The yield curve refers to the interest rates on bonds of varying maturity. Normally, we expect the yield on bonds with longer maturities to have a higher yield than those of shorter High Yields maturity bonds. Because it is less of a burden to tie up one’s money for three months or a year, rather than five years or ten years, investors must be given an incentive to place their funds in bonds of longer maturity. This incentive takes the form of a higher interest rate paid on bonds with longer duration. Similarly, we can justify the higher yields on longer maturity bonds based on risk: the foreseeable risk to the economy over the next three-months or year is much less than the risk over five or ten years. Thus the higher yield on long-dated bonds is required to compensate for the added risk of holding an investment that long.

On December 30, 2005, many newspapers heralded the fact that the yield curve on U.S. government bonds had become inverted. In fact, the curve was not consistently inverted. The yield on two-year Treasury notes (just under 4.4%) barely exceeded the yield on ten-year Treasury notes (4.39%). Ordinarily, this type of yield structure will be a self-correcting problems. Investors will no longer choose ten-year bonds, when they can get the same interest rate or even a higher one on two-year bonds. With fewer people wanting to hold ten-year bonds, the interest rates will rise on these in order to clear the market and induce investors to hold ten-year bonds once again.

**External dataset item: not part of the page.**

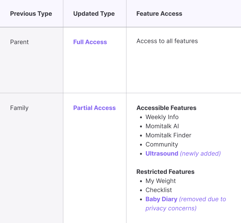 To start the redesign, the product manager and I redefined access levels to eliminate confusion and improve engagement. The original “Parent” and “Family” roles caused frequent misunderstandings. Users were unsure of permissions, especially for features like ultrasound access. To simplify role clarity and improve engagement, we:

But when long-term interest rates rise, so too do rates on 15-year and 30-year residential mortgages. If the costs of obtaining a mortgage loan rise, then fewer people will want to buy houses. The result could be either a cooling of the previously hot real estate market, or a potential collapse of some regional price bubbles on real estate.

If inverted yield curves were merely a transitory phenomenon with little or no economic impact, except for people in the business of trading interest rate derivatives, swaps, and bonds; then no one would worry. However, inverted yield curves have often signaled a recession will follow, and the potential for a recession is a legitimate cause for worry.